关于 Semantic Memory 的介绍(来源):
Semantic Memory (SM) is a library for C#, Python, and Java that wraps direct calls to databases and supports vector search. It was developed as part of the Semantic Kernel (SK) project and serves as the first public iteration of long-term memory. The core library is maintained in three languages, while the list of supported storage engines (known as "connectors") varies across languages.
学习目标:通过 Semantic Memory 调用 OpenAI 的 api,使用 text-embedding-ada-002 模型生成文本的 embedding,保存在 in-memory 向量数据库中,然后进行语义搜索。
学习材料:Semantic Kernel 源码仓库中的示例程序 Example14_SemanticMemory.cs
创建 .NET 控制台项目
dotnet new console
dotnet add package Microsoft.SemanticKernel
dotnet add package --prerelease Microsoft.SemanticKernel.Plugins.Memory
创建 ISemanticTextMemory 实例
使用 MemoryBuilder
基于 OpenAITextEmbeddingGenerationService
创建 ISemanticTextMemory
的实例 SemanticTextMemory
#pragma warning disable SKEXP0011
#pragma warning disable SKEXP0003
#pragma warning disable SKEXP0052
ISemanticTextMemory memory = new MemoryBuilder()
.WithOpenAITextEmbeddingGeneration("text-embedding-ada-002", apiKey)

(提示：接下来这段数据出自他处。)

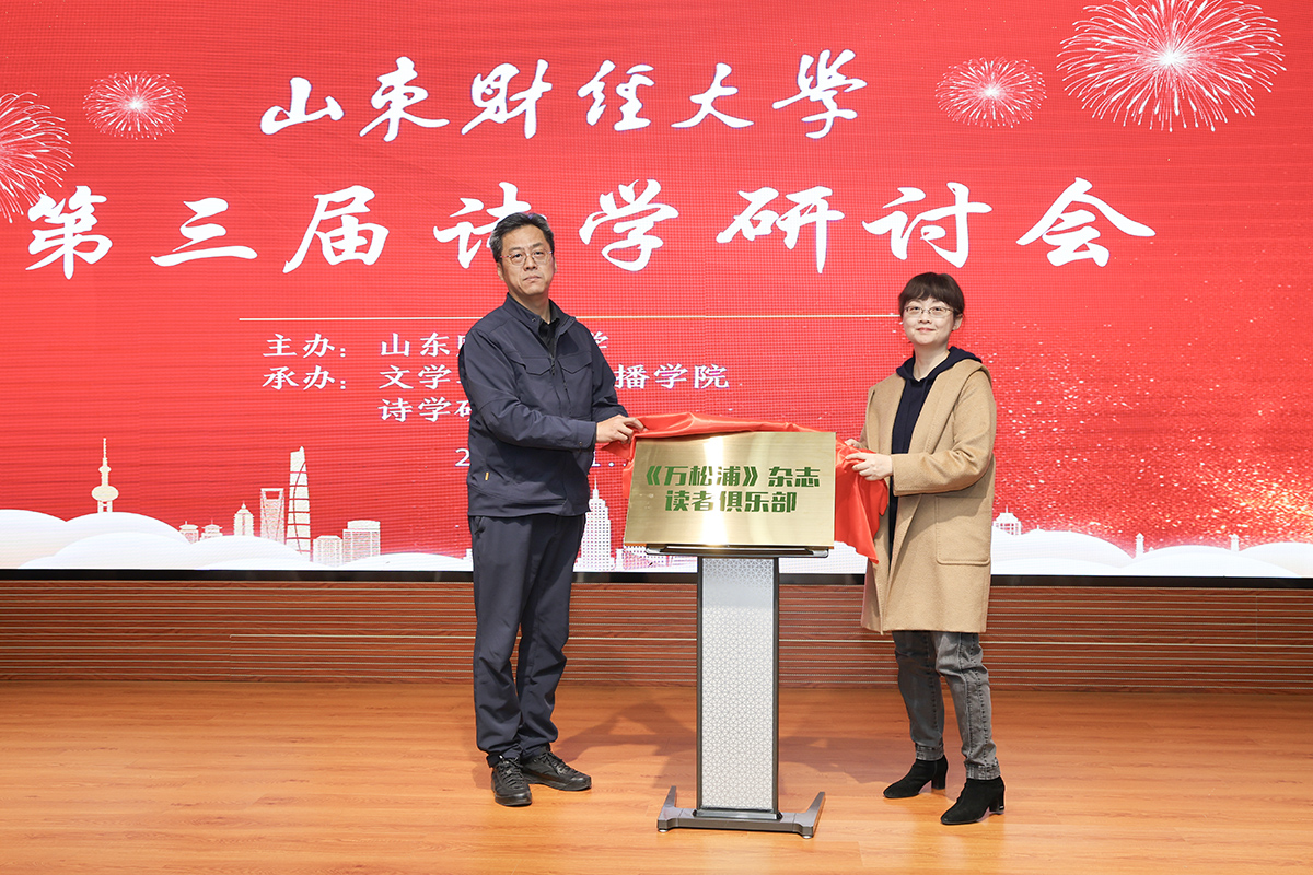 文学与新闻传播学院党委书记、诗学研究中心常务副主任杜啸尘汇报了诗学研究中心一年来的工作情况。山东文艺出版社社长、《万松浦》杂志主编徐迪南同志,山东财经大学文学与新闻传播学院院长张超同志为“《万松浦》杂志读者俱乐部”揭牌。

.WithMemoryStore(new VolatileMemoryStore())
.Build();
#pragma warning restore SKEXP0052
#pragma warning restore SKEXP0003
#pragma warning restore SKEXP0011
注:上面代码中的 warning disable
是因为 MemoryBuilder
以及2个扩展方法都是 experimental feature
准备用户生成 Embedding 的文本数据
var sampleData = new Dictionary<string, string>
{
["https://github.com/microsoft/semantic-kernel/blob/main/README.md"]
= "README: Installation, getting started, and how to contribute",
["https://github.com/microsoft/semantic-kernel/blob/main/dotnet/notebooks/02-running-prompts-from-file.ipynb"]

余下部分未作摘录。